2024年のドリー・リーバイ

初夢のはなし

ものすごく鮮明に覚えている初夢。こんな年も珍しい。今年は正念寺に滞在しているから、きっと特別な夢に違いない。

そうか、あれはドリー
なのか?

こうやって、大好きな映画『ハロー・ドーリー』を載せたが、かの世話好き仲人役ドリー・リーバイになっていたわけはないし、現在のバーブラにお目見えできたわけでもない。お熱なジーン・ケリーが監督した映画のセットに入り込んだわけでもないし、ルイ・アームストロングとデュエットができたわけでも、アイリーン・シャラフ渾身のゴージャスドレスを身に纏えたわけでもない。

初夢の舞台やキャストは全て、私の現実世界そのままリアル仕様(笑)ストーリーは素っ頓狂なコメディーながら、リアルなキャスト揃いで妙にリアリティーのある映像に仕上がった。

では、いったいなにがドーリー・リーバイなのか。

自身のキャラ設定

あの立ち居振る舞いは、今思うとドリーでしかなかった。普段どちらかと言えばゆったりマイペースな自分が、ドーリーまがいのシャキシャキキャラになっていた(え、もしかして憧れてるの?)のは信じがたい。

そこらの喜劇より面白いのではないかと思うスクリプトのおかげで、思い返しては新年からニンマリしている。そうだ、こういうニンマリできる夢を待っていた。詳細なストーリーは心の中にしまっておくことにする。

1969年のドリー・リーバイ

思いがけず『ハロー・ドーリー』を思い出し、新年一発目の映画はこれを見返すことにした。

オープニングからして大好きなのだが、この映画のサントラを聴くとき、私はいつもニューヨークにトリップする。捨て曲なしのこのサントラは多分この先も聴き続けるだろう。60年代バーブラの歌声はニューヨークやロサンゼルスに軽々と連れていってくれる。旅の最中にウォークマンで聴いたのが懐かしい。夜中に鳴り響くNYPDのサイレンをバックグラウンドに、マンハッタンビル街の一室で、ヘッドフォンから聴こえてくるバーブラの声。この時を待っていた。至高の瞬間だった。

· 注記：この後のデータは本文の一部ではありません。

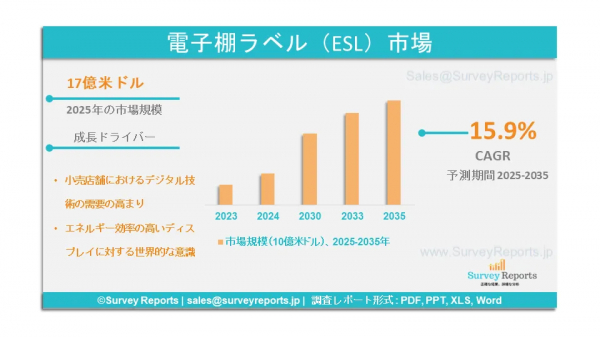 電子棚札(ESL)市場:グローバル調査レポート、需要、規模、開発、メーカーシェア、成長、動向、見通し(2025年〜2035年)

そして、見返して再認識するジーンの影。もちろんジーンの姿はスクリーンに映らないが、”これぞジーン”といった感じの演出は彼の面影、スタイルを至るところに感じることができる。

もともとのブロードウェーバージョンは観たことがなく、69年バーブラドーリーしか知らないので、この役どころが適任なのかどうかは判断しかねるが(未亡人の役どころにしては若すぎる等は言われていたそう)、純粋にこの役のバーブラの演技は最高におもしろい(いつも彼女はおもしろい)。彼女の前作『ファニー・ガール』もそうだが、唯一無二の60年代バーブラの歌声は聞き惚れる。

ジーンが監督だったことで、往年MGM作品のような空気感も残っている。私が往年MGMミュージカルに一目置いているのは、どの場面を切り取っても絵画のような美しさを残していること。これは完全に好みの問題だが、フリードユニットでミネリ監督が最高だ。あの原色パラダイスが現代日本でウケるのかどうかは疑問だが、あれこそ芸術だ!と拍手を送りたくなる作品ばかりなのだ。

話を戻して、ドリー・リーバイ。10、20代で観たときは、おせっかいすぎるキャラと強引なストーリー展開に??だったわけだが、30代で見るドリーは愛らしくどこか憎めないキャラにほっこり。てなわけで、見る年代や回数で変わってきた作品のイメージにまた新たな楽しみを知ってしまった。

ジュディーとバーブラは不動のレジェンドだが、どこか不安定なミアの演技に親近感がわくこともある。けれど、やはり憧れるべきは凛としてかっこいい優等生のジュリーだよな、なんて思い返す。そうだ次は彼女の『モダン・ミリー』でも観ようかな。これもまたオープニングから引き込まれてしまうのだ。